If a dairy farm is a car running on the gasoline that is money, a growing heifer is a racecar driver with its foot to the pedal, using that gas up fast and furiously. Only when a heifer is fresh for the first time does it stop to refuel the tank — beginning to contribute back in the form of milk income.
It’s been estimated that it takes a cow between one and two lactations to fully pay back its rearing cost. From there, each animal’s economic return becomes much clearer, and along with the interest in animal welfare, this makes having older cows in the herd a goal for many dairies. Cows in at least their third lactation also produce more milk and no longer need the nutritional growing requirements young cows do, said Victor Malacco on a Michigan State University Extension dairy podcast. Having a lower herd turnover rate also means you need to raise fewer heifers, saving costs in the first place while also reducing the farm’s environmental footprint, he added.
Malacco, an extension educator with Michigan State, said there is no true ideal lifespan for a cow; it will vary by farm based on management and facility factors as well as costs and herd demographics. Instead, he described that the ideal productive life for a cow would mean removing it not because it is sick but in the case of genetic advancement and when the opportunity cost of keeping it in the herd would be higher than replacing it with a young heifer.

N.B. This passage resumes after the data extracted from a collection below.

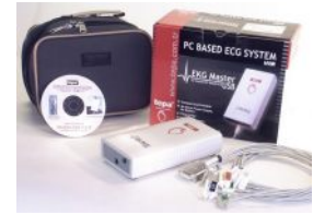
EKG Master USB Kiti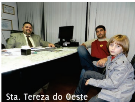
Sta. Tereza do Oeste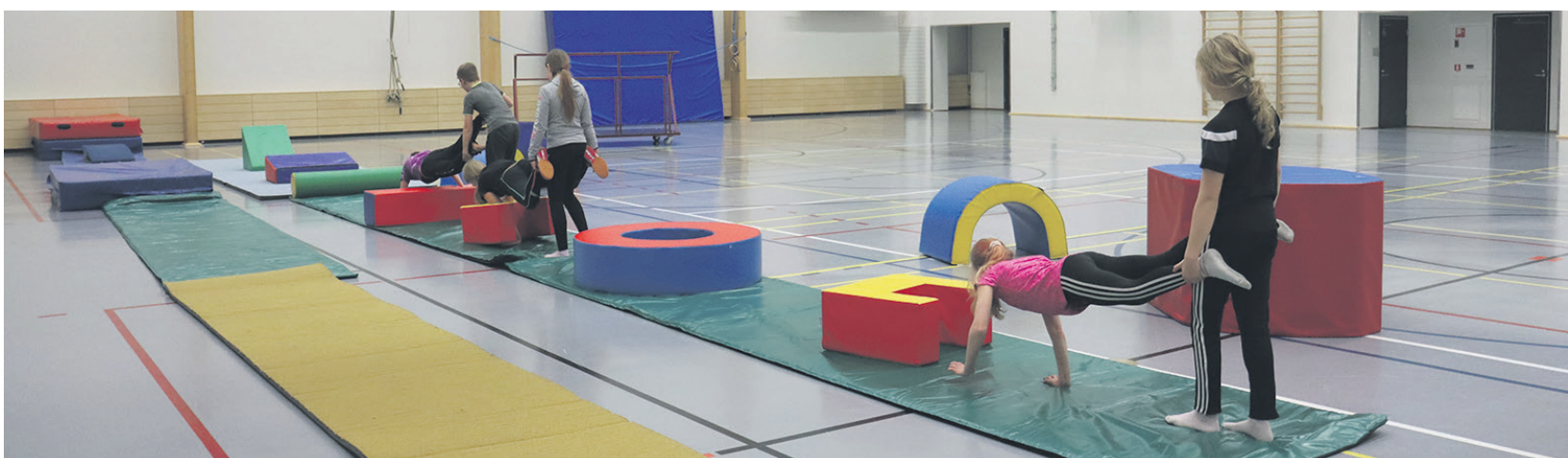
Lihakset töihin esterataharjoituksessa.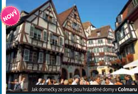
Jak domečky ze sirek jsou hrázděné domy v Colmaru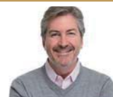
an uncle 一位叔叔

Extension educator Marianne Murawski described that farms looking to improve cow longevity might set a goal for what share of the herd they want to be cows in their fourth or fifth lactation. A standard she regularly sees is for 30% of the herd to be first lactation, 30% to be second lactation, and 40% to be at least third lactation.
If a farm has more first lactation animals than they would like, improving longevity starts with examining the culling records, Malacco said. “We need to be aware of the reasons for culling cows,” he explained, noting that 2015 data showed that the most common reasons cows were culled in the U.S. were for injury, production failure, mastitis, and death. However, we know those reasons might not always paint the complete picture of why a cow left the herd. Looking into the specifics of why a cow left — maybe severe lameness, multiple rounds of mastitis, or failing to breed back — can help you uncover what can be done to prevent those problems in the future.

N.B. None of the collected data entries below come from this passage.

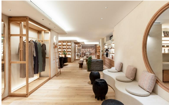
シックスセンスならではのアイテムを取りそろえたブティックを併設するスパ

「シックスセンス スパ 京都」は、京都の「禅」思想、伝統的なヒーリング手法、最先端の科学を融合し、あらゆる角度からゲストをサポートします。ウェルネスへの旅路は、約40種類のバイオマーカーを用いて、わずか数分でゲストの体の内側まで測定する「ウェルネススクリーニング」から。このスクリーニングの結果を踏まえながら、ウェルネスの専門家が個々のご要望や目標に合わせたアドバイスや提案を行います。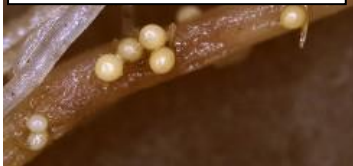
ジャガイモシストセンチュウ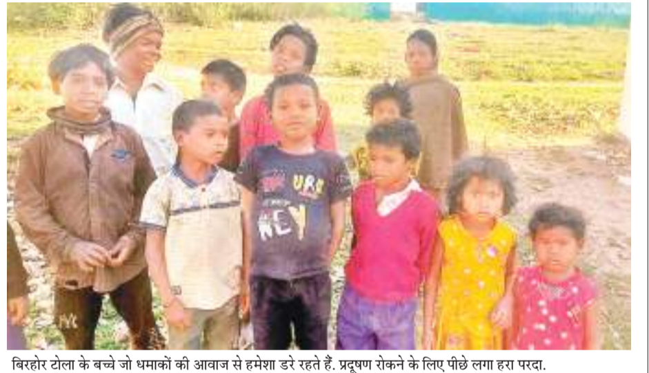
बिरहोर टोला के बच्चे जो धमाकों की आवाज से हमेशा डरे रहते हैं, प्रदूषण रोकने के लिए पीछे लगा हरा पद।

03 साल से चल रही माइंस, स्थानीय विधायक और सांसद ने नहीं ली सुध

Having healthy cows to begin with is also critical in developing a long-lived herd. You can breed for health traits, have safe facilities, and ensure sound management practices, Malacco advised.
In some cases, older cows may be culled simply to make room for new heifers. If this is the case and you are raising more heifers than necessary, consider culling heifers more heavily or using beef semen to create fewer dairy calves. “If we’re going to cull heifers, we need to do it as early as possible,” Malacco noted. Choose culling candidates based on genetic testing or animals that struggle with disease early in life. Another possible option to reduce the number of calves born is to extend the voluntary waiting period (VWP), although Malacco recognized this can create transition concerns once the cow calves.
No matter what strategy is used on a dairy, a more mature herd can capitalize on production efficiency both economically and physiologically. It is still important to manage herd inventory to keep stalls filled with cows that are pulling their weight. But especially in a time when all farm costs are high, maintaining cows that have already paid back their rearing costs can make for a smoother ride.